■ What the task asks
Pictures found in the material must be left out, and every line returned as written.

■ Records supplied
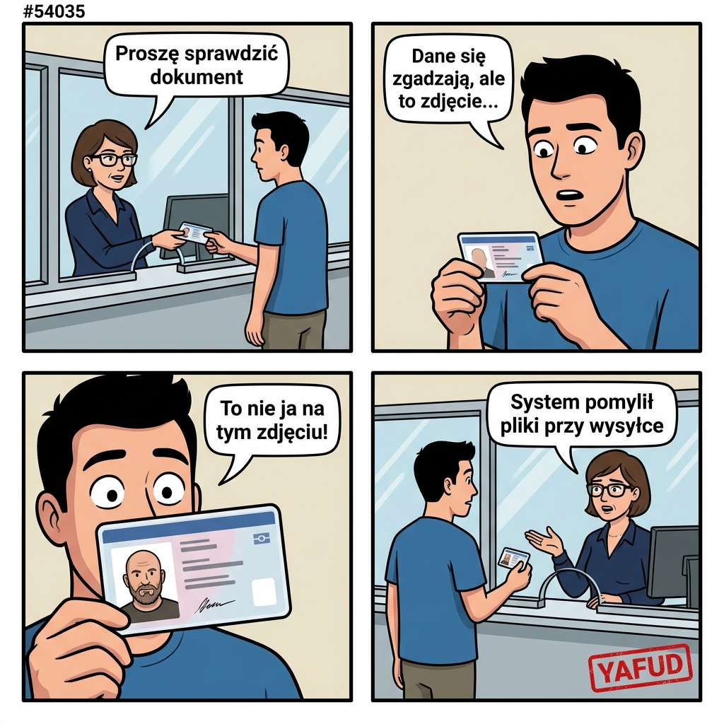 Poszedłem odebrać nowy dowód osobisty. Pani w okienku podała mi dokument do sprawdzenia. Wszystko się zgadzało, oprócz zdjęcia. Na fotografii był zupełnie obcy facet, chociaż dane były moje. Okazało się, że system pomieszał pliki przy wysyłce do wytwórni papierów wartościowych. YAFUD«Poprzednia wpadkaNastępna wpadka »
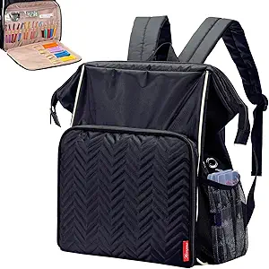 Knitting Bag, Crochet Bag with Custom Front Pocket, Large Yarn Storage Backpack for Crochet Accessories and Supplies, Black
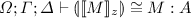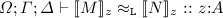 binds the underlying exponential term of M as u in N; \({{\varLambda } X.M}\) is the type abstraction former; M[A] stands for type application;
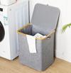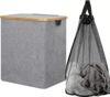 60 Lt Katlanır Kumaş Bambu Çamaşır Sepeti İçi Fileli Kirli Çamaşır Sepeti
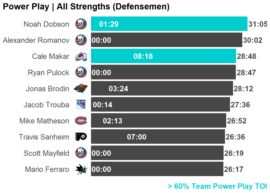 | Scott Mayfield | New York Islanders | 3 | 6.84 | 2 | 0.09 |
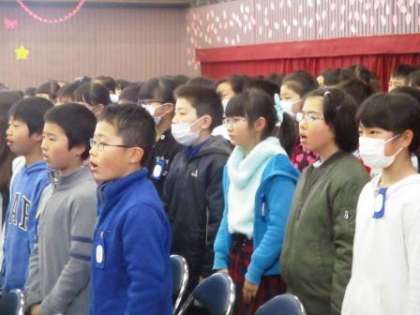 4〜6年生が合同で卒業式の練習を行いました。
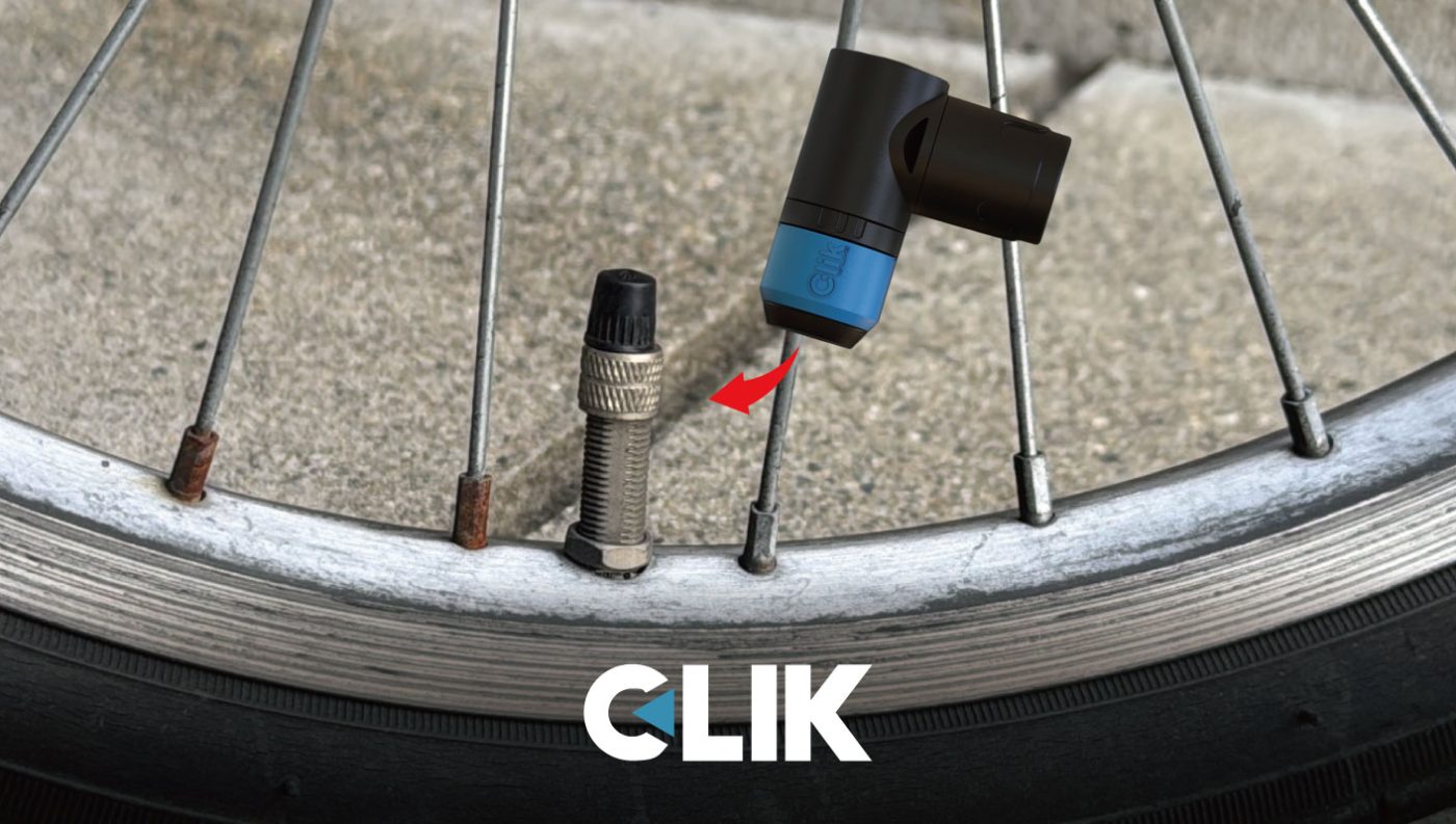 ロードバイクだけでなく、BMX、ママチャリ、車椅子など、すべてのバルブがクリック式になり、瞬時に着脱できるようになります。
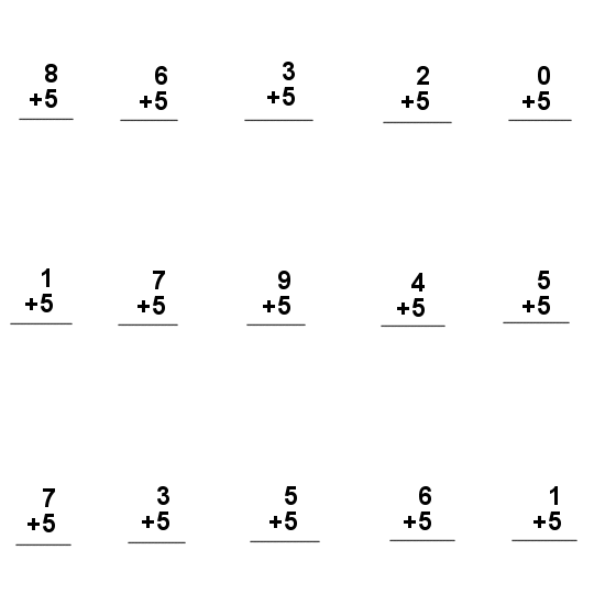 Math and Numbers - Addition Exercise - Five Write the sum. Time yourself __________________ |
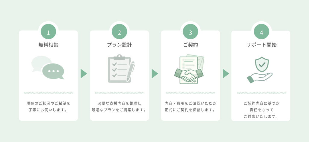 ご本人の意思を最優先とし、支援内容・対応範囲・費用を明確にしたうえで契約を締結します。
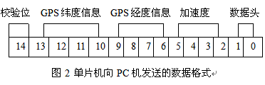 单片机向PC发送的数据包由15个字节组成。数据包开头的两个字节,我们设定第0和第1字节分别为0xEB和0x90,定义为数据头。当有数据向PC机发送的时候,检测数据头是否与设定值一致,一致就继续接收剩余的数据,否则舍弃该数据包。第2~5字节留给加速度传感器信息。第6~9字节为采集的GPS纬度数据;第10~13字节表示采集来的GPS精度数据;第14个字节为校验字节,该字节等于前14个字节的和,用来检验接收的数据包是否完整。图3所示为PC机向单片机发送的数据包格式。
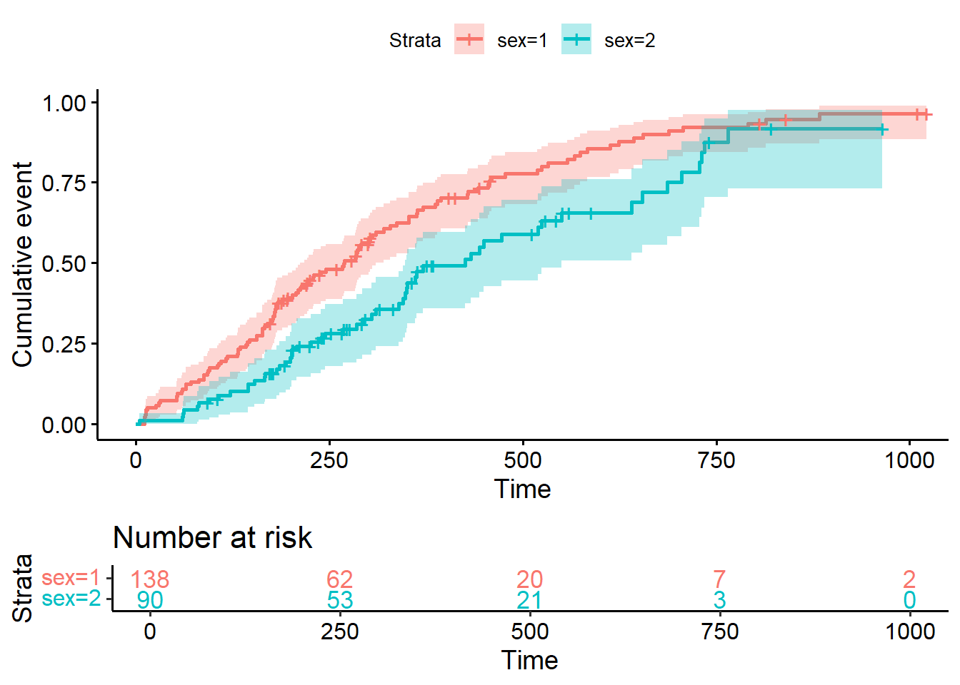 - Surv(time, endpoint==‘death’): right censored data, where the status variable is a character or factor
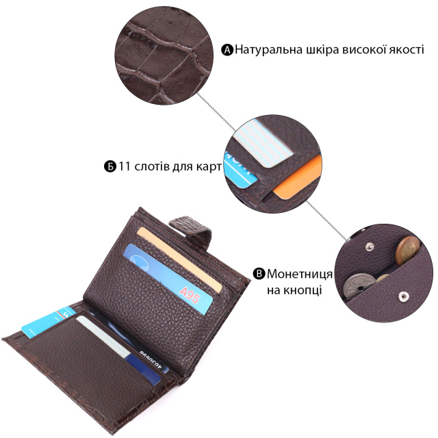 UA MarketКиївJANAВсе товарыТовари та послугиСумки мужскиеКошелькиМужские кошелькиКомпактный мужской кошелек из натуральной кожи с тиснением под крокодила KARYA 21386 Коричневый
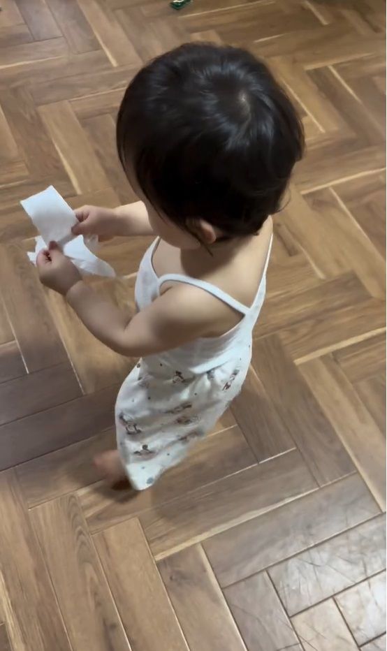 さらに、まあくんも紙を手に持ったままウロチョロ。こちらもやめる気配は全くなし!
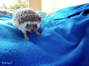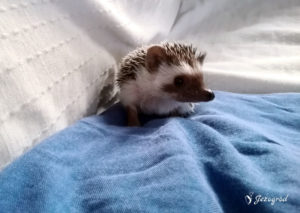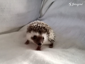 Jeżyk o bardzo miłym usposobieniu tak jak wszystkie jeżyki z miotu B. Naszym zdaniem z tego jeżyka wyrośnie typ – „weź i przytul igłę”.

■ Worked solution
 Poszedłem odebrać nowy dowód osobisty. Pani w okienku podała mi dokument do sprawdzenia. Wszystko się zgadzało, oprócz zdjęcia. Na fotografii był zupełnie obcy facet, chociaż dane były moje. Okazało się, że system pomieszał pliki przy wysyłce do wytwórni papierów wartościowych. YAFUD«Poprzednia wpadkaNastępna wpadka »
 Knitting Bag, Crochet Bag with Custom Front Pocket, Large Yarn Storage Backpack for Crochet Accessories and Supplies, Black
 binds the underlying exponential term of M as u in N; \({{\varLambda } X.M}\) is the type abstraction former; M[A] stands for type application;
 60 Lt Katlanır Kumaş Bambu Çamaşır Sepeti İçi Fileli Kirli Çamaşır Sepeti
 | Scott Mayfield | New York Islanders | 3 | 6.84 | 2 | 0.09 |
 4〜6年生が合同で卒業式の練習を行いました。
 ロードバイクだけでなく、BMX、ママチャリ、車椅子など、すべてのバルブがクリック式になり、瞬時に着脱できるようになります。
 Math and Numbers - Addition Exercise - Five Write the sum. Time yourself __________________ |
 ご本人の意思を最優先とし、支援内容・対応範囲・費用を明確にしたうえで契約を締結します。
 单片机向PC发送的数据包由15个字节组成。数据包开头的两个字节,我们设定第0和第1字节分别为0xEB和0x90,定义为数据头。当有数据向PC机发送的时候,检测数据头是否与设定值一致,一致就继续接收剩余的数据,否则舍弃该数据包。第2~5字节留给加速度传感器信息。第6~9字节为采集的GPS纬度数据;第10~13字节表示采集来的GPS精度数据;第14个字节为校验字节,该字节等于前14个字节的和,用来检验接收的数据包是否完整。图3所示为PC机向单片机发送的数据包格式。
 - Surv(time, endpoint==‘death’): right censored data, where the status variable is a character or factor
 UA MarketКиївJANAВсе товарыТовари та послугиСумки мужскиеКошелькиМужские кошелькиКомпактный мужской кошелек из натуральной кожи с тиснением под крокодила KARYA 21386 Коричневый
 さらに、まあくんも紙を手に持ったままウロチョロ。こちらもやめる気配は全くなし!
 Jeżyk o bardzo miłym usposobieniu tak jak wszystkie jeżyki z miotu B. Naszym zdaniem z tego jeżyka wyrośnie typ – „weź i przytul igłę”.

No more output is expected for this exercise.